Suppose that $m\le n$ and $h:\Bbb Z^m\to\Bbb Z^n$ is an isomorphism. For $k=1,\dots,m$ let $e_k$ be the element $\langle a_1,\dots,a_m\rangle$ such that $a_k=1$ and $a_i=0$ for $i\ne k$. Note for any $\langle a_1,\dots,a_m\rangle\in\Bbb Z^m$,

$\langle a_1,\dots,a_m\rangle=\sum_{k=1}^ma_ke_k\;,$

and this representation is unique: if

$\sum_{k=1}^ma_ke_k=\sum_{k=1}^mb_ke_k\;,$ then $\sum_{k=1}^m(a_k-b_k)e_k=\langle \underbrace{0,\dots,0}_m\rangle\;,$ and therefore $a_1=b_1,\dots,a_m=b_m$. In other words, $\{e_1,\dots,e_m\}$ behaves very much like a basis for a vector space.

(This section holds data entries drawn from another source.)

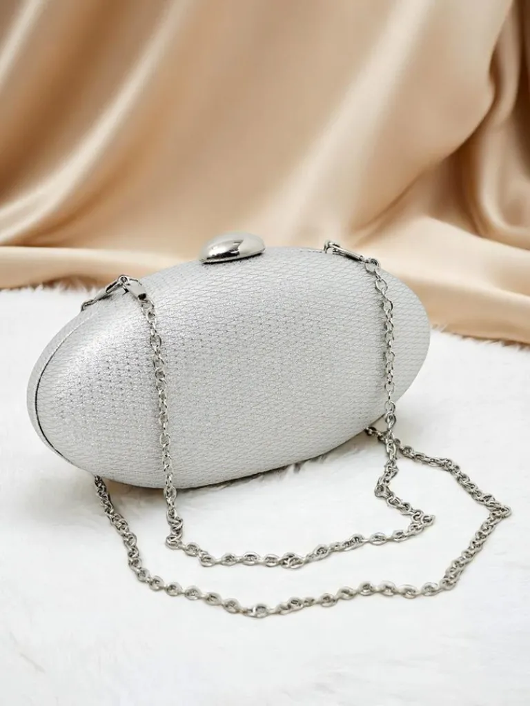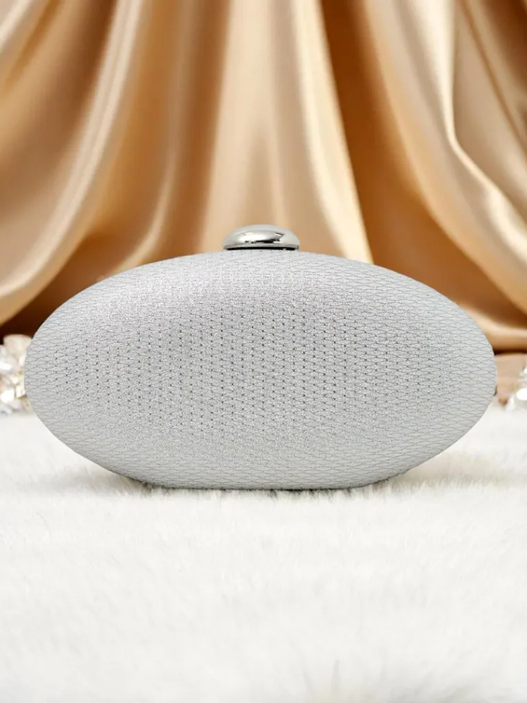 - Kopertowa torebka w kształcie elipsy z eko skóry, pokryta tkaniną z połyskującą nicią i tłoczeniem. Zapinana na zatrzask, z odpinanym łańcuszkiem – szyk i blask!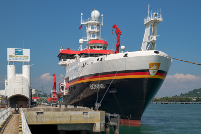 Our project and the expedition are also of interest to the local press. The German Embassy in Singapore helped to arrange an interview of a journalist from Eco-Business with Prof. Waniek (the chief scientist) and Prof. Schulz Bull, in which both reported about the upcoming four expedition weeks. Meanwhile there was a lot of activity on board. The equipment was distributed to the laboratories from the containers and the labs were set up.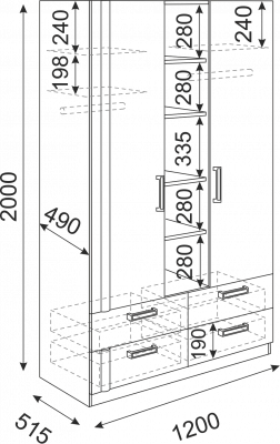 Расстояние между полками: 280 мм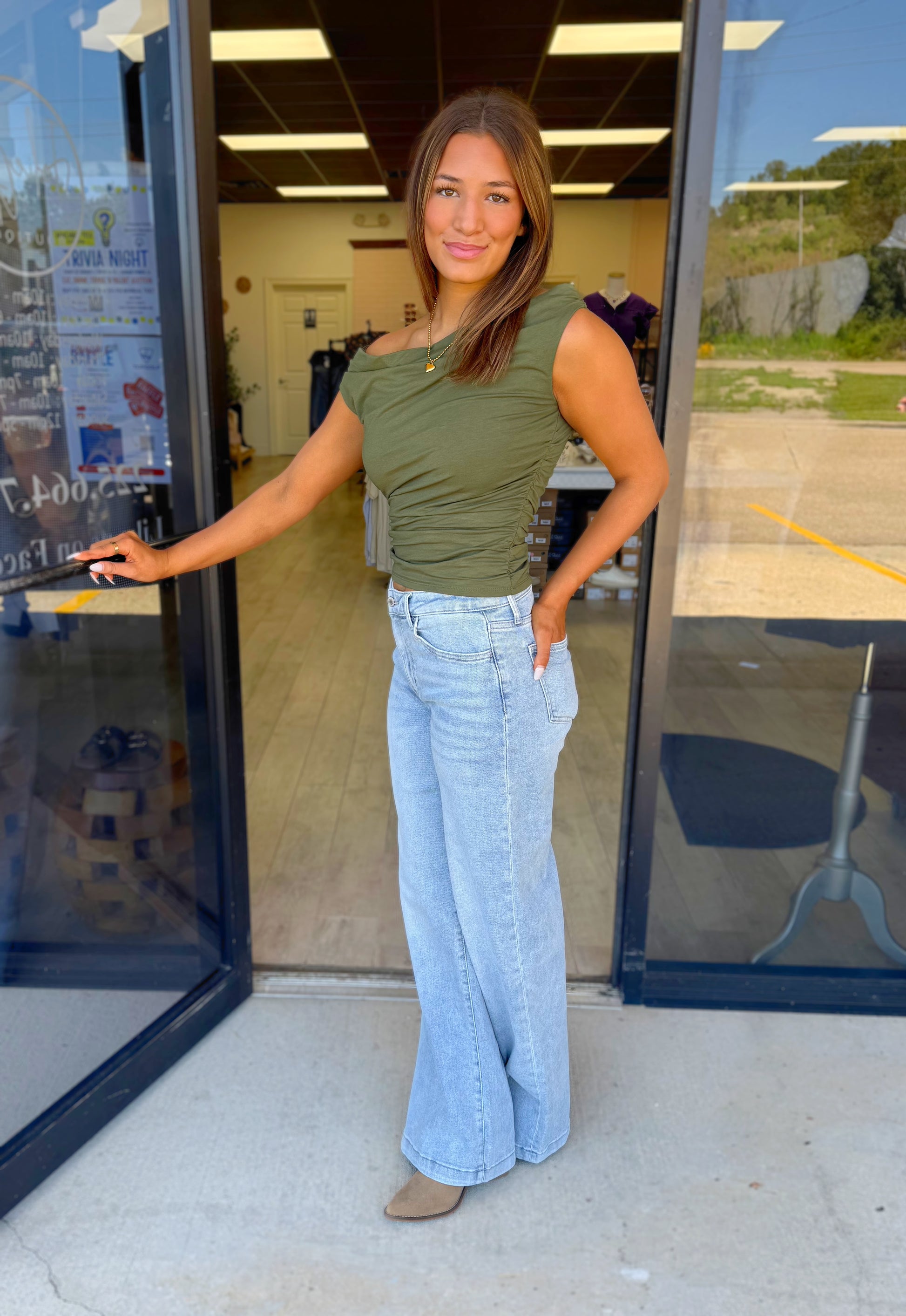 Elevate your style with the Rightly Ruched Top, featuring a flirty off-the-shoulder design that highlights your neckline. The playful ruching adds a charming texture, making it perfect for sunny days or fun nights out. Lightweight and breezy, this top brings effortless chic to every look.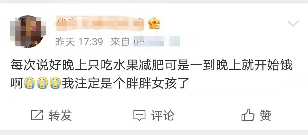 减肥期间不能吃晚饭,睡前一定要忍住饥饿。减肥er们一边用自己的意志力抵抗“诱惑”,一边用自己的生命做着“慢性自杀”的行为。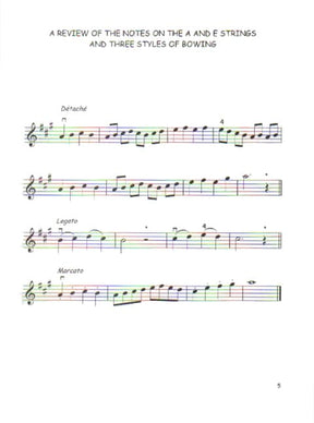 In BOOKS I and II, the student is systematically introduced to the notes on each string, using all the fingers to create a tetrachord. Fingering appears on the first page of a new note, and later only as needed. All etudes and songs are within a one-octave range, thus requiring the use one pattern, the Basic Finger Pattern. Quarter, half, and eighth notes are introduced in rhythmic-verbal terms such as "walk" and "running", rather than with numbers. This eliminates confusion over fingering vs. rhythm. Learning the letter names for the notes is reserved until the student is reading the music with ease, and is accomplished in one simple lesson. Finger Pattern Charts appear on appropriate pages as guides.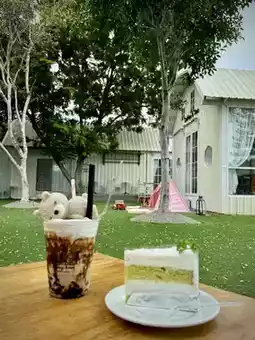 🪵 Barn-style cafe with a rich kid vibe. Come visit the farm. ☘️ Good atmosphere in a European-style cafe concept. There are beautiful and cool corners to take pictures. White barn, grass field, natural pond, white wooden house, decorations, flower garden, flower hoops, swings in the grass field, etc.
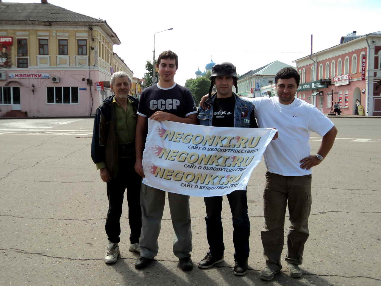 Да, за участие берут регистрационный взнос в размере 200 руб. для участвующих в велоэкскурсии и за эти деньги вы получаете массу впечатлений, кормежку, а также бесплатно место в охраняемом палаточном лагере в красивейшем месте на берегу реки, спрятанном от посторонних глаз лесным массивом, где вам и дрова даже не нужно искать и можно пользоваться одним общим костром. В общем, просто ставите палатку и готовите еду или просто покупаете ее готовую и горячую тут же. Для полноты ощущений мы поучаствовали и в конкурсе "визитка" от клуба Негонки. Идею сценки подал Чоппер кубик, отшлифовали немного совместными усилиями прямо на обратной дороге (благо ехать можно было чуть ли на всю ширину дороги из-за низкого трафика) и вперед!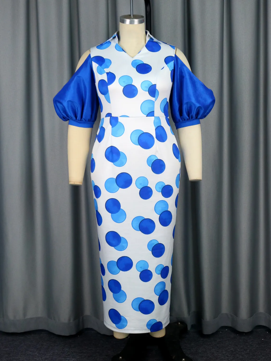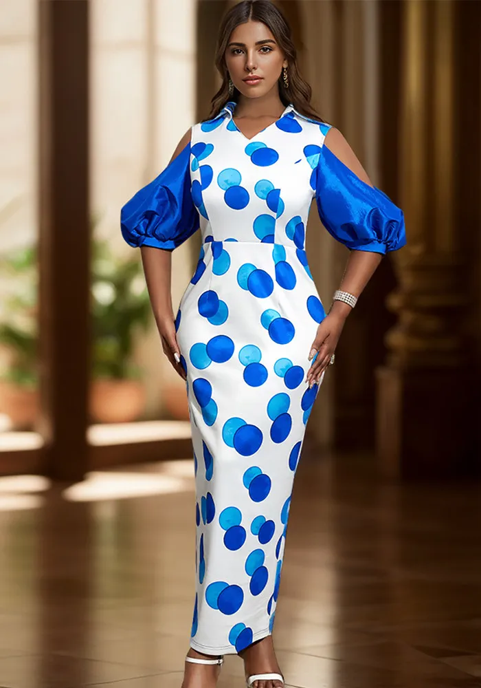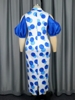 | Product Name | Chic Shoulder Cutout Puff Sleeve Polka Dot Printed Party Dress |

Now show that $\{h(e_1),\dots,h(e_n)\}$ behaves like a basis for $\Bbb Z^n$: each $z\in\Bbb Z^n$ can be written uniquely in the form $z=\sum_{k=1}^ma_kh(e_k)$ for some integers $a_k$, $k=1,\dots,m$.

Now get a contradiction when $n>m$ by considering the elements of $\Bbb Z^n$ that are analogous to the $e_k\in\Bbb Z^m$.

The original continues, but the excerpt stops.